- _WORK ITEM_:
Transcribe the listing verbatim, please, with images dropped.

- _AVAILABLE DATA_:
((

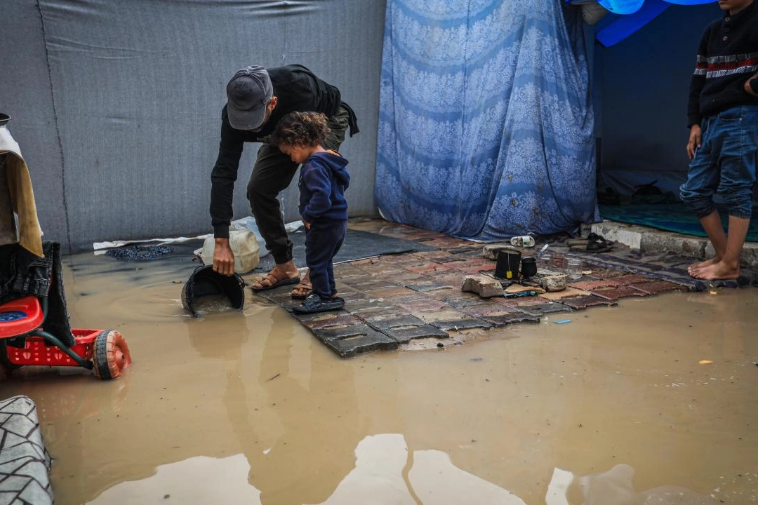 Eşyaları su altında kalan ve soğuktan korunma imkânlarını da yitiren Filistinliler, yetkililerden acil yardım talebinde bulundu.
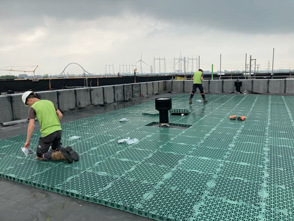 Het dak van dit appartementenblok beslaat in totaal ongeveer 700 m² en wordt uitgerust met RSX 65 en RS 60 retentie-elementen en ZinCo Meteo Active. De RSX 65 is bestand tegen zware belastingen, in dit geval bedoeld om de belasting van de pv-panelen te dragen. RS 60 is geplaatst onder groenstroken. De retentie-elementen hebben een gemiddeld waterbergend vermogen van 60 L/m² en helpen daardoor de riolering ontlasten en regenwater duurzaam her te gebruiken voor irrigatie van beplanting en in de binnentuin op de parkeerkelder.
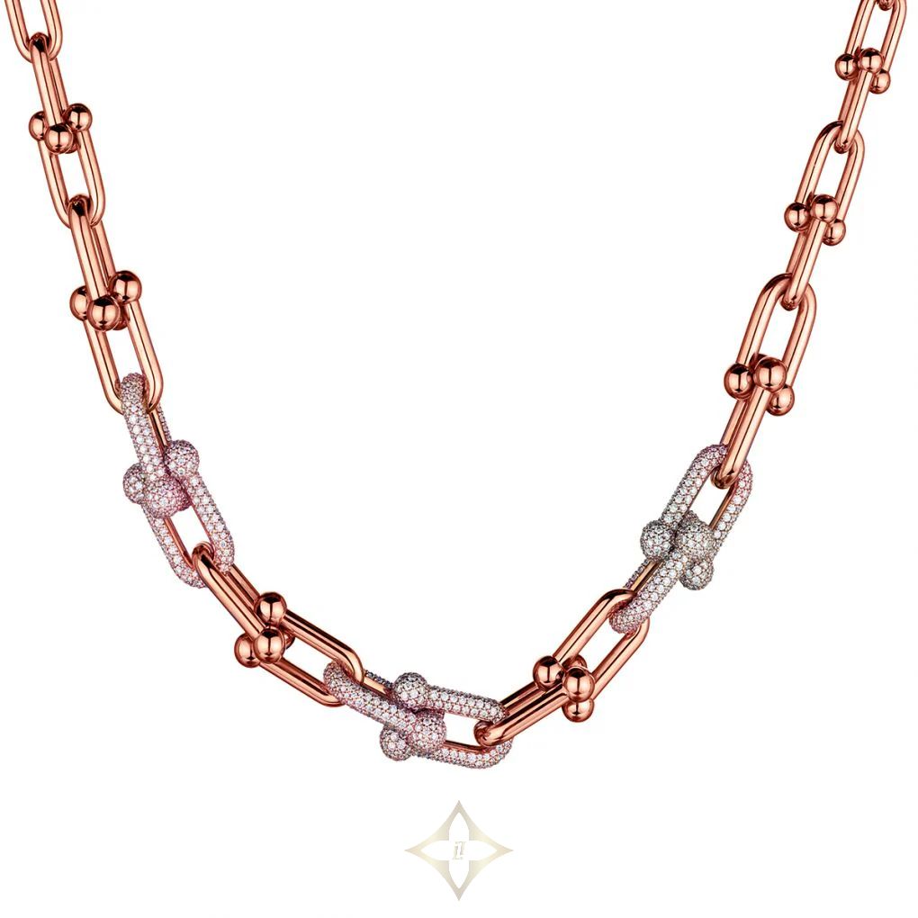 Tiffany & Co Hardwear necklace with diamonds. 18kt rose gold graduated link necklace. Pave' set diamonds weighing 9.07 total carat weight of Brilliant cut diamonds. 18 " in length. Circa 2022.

))

- _ANSWER BOX_:
 Eşyaları su altında kalan ve soğuktan korunma imkânlarını da yitiren Filistinliler, yetkililerden acil yardım talebinde bulundu.
 Het dak van dit appartementenblok beslaat in totaal ongeveer 700 m² en wordt uitgerust met RSX 65 en RS 60 retentie-elementen en ZinCo Meteo Active. De RSX 65 is bestand tegen zware belastingen, in dit geval bedoeld om de belasting van de pv-panelen te dragen. RS 60 is geplaatst onder groenstroken. De retentie-elementen hebben een gemiddeld waterbergend vermogen van 60 L/m² en helpen daardoor de riolering ontlasten en regenwater duurzaam her te gebruiken voor irrigatie van beplanting en in de binnentuin op de parkeerkelder.
 Tiffany & Co Hardwear necklace with diamonds. 18kt rose gold graduated link necklace. Pave' set diamonds weighing 9.07 total carat weight of Brilliant cut diamonds. 18 " in length. Circa 2022.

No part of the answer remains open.